Beside all the features and functionalities, having a backend “stable and scalable” is extremely important. A typical backend requires a set of software modules (applications), platform (operating system), and infrastructure (hardware and networking).
An optimal backend in terms of price to performance built on an optimal composition of these above-mentioned elements. The composition of elements is basically an architecture of any system. When architecting backends we need to keep in mind that software modules, platform and infrastructure may change over time, and backends should be able to adopt the changes and we have minimum disruption in providing services. The changes are generally very high on the software side and, more likely, lowest on the platform and infrastructure level.
But let’s first start from the early beginning of the evolution of backend architectures.
Before the emergence of personal computers, workstations or servers, we used to have only mainframe computers — we are considering here the second generation of mainframe computers with a capability of being connected remotely over the Internet. The mainframe computers basically acted as remote servers where users could login and perform needed computation tasks. The mainframe computers could provide services like FTP, remote terminals: Telnet, and mail servers. Mainframe computers were intended to be quite powerful with plenty of compute power, memory and storage. This obviously came with a lot of expenses and also resource management such as power consumption and cooling solutions. The hardware was intended to run by a single operating system (OS) without any virtualization.
One of the drawbacks of the mainframe computers was that they couldn’t scale up much due to the inefficient use of capacity and very high cost tag. Beside that it was also relatively hard to develop software optimized for the mainframe computers.
Personal computers, workstations and servers changed the paradigm of mainframe computers. Not only computers become cheaper but easier to manage as well. Moore’s law keeps predicting rightly the number of transistors doubling roughly by 18 months, which generally increases the performance at the factor of 2. Since CPU and memory upgrade was quite often, mainframe computers couldn’t keep up the price to performance ratio.
The story however does not end here, Early servers were still very much like mainframe computers, having dedicated OS, and no OS level of virtualization.
The use of virtualization or virtual machines (VMs) was another step forward in terms of better use of capacity, and system management. VMs are basically simulated computer systems that run on the top of computer hardware. Though a VM can also run on the top of another VM, in other words simulation within a simulation, but the main idea is to utilize and distribute resources from the underlying system, whether it’s hardware or another VM to the upper virtual environment.
VMs became more popular as the number of cores and hardware threads increased in CPUs.This lead to efficiently running multiple OSs using VMs on the single CPUs.
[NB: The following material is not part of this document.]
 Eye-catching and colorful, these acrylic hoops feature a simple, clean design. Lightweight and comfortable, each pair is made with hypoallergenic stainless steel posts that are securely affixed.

This gave immense benefit in better use of resources as well as insolation of application running, and fault tolerance. VMs such as vmware, KVM etc. have been the most common use of virtualization. VMs use hypervisors which make virtualization possible. There are two types of hypervisors: 1) Bare metal hypervisor, 2) OS hosted hypervisor.
In early time, many big companies like Amazon, Google, Microsoft have had a large number of their dedicated servers, and heavy use of virtualization. Since the load on their servers was not constant, the server capacity was under utilized most of the time. Companies started realizing to rent out the extra capacity of their servers to other companies. This led to the era of commercial cloud computing. Amazon was the very first big cloud provider, and then followed by google, Microsoft and many others.
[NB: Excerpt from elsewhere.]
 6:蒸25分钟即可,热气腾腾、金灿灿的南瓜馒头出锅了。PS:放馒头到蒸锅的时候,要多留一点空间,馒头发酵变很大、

In the following sections first I will try to explain different type of virtualization.
Bare metal hypervisor (process virtual machine)
A bare metal hypervisor runs directly on hardware, which means that there is no middle OS between hypervisor and hardware. The hypervisor can directly control, distribute or manage hardware resources. It is also called type 1 hypervisor.
The benefit of type 1 hypervisor is a more optimized distribution of hardware resources. Type 1 hypervisor is basically an extremely stripped down version of OS with the sole purpose to run VMs.
Advantages of Type-1 hypervisor
- A far less overhead than full OSs, and therefore can provide greater performance
- Since they are a very striped down version of OS, it’s less likely things will go wrong compared to full blown OS
- Consumes less resources in comparison
- Good level of security as less vulnerable for security attacks
- Simplicity and stability
Disadvantage of Type-1 hypervisor
- Limited features and limited control in comparison
- Overhead still exists
- Potential security issues
OS level hypervisor – Type 2 hypervisor
Type 2 hypervisor runs on OSs instead of running directly on the hardware. Type 2 hypervisor shares most of the resources from the host OS. This is probably the most common hypervisor used, when developing and testing software. It’s also commonly used on PCs where people want to run multiple OSs.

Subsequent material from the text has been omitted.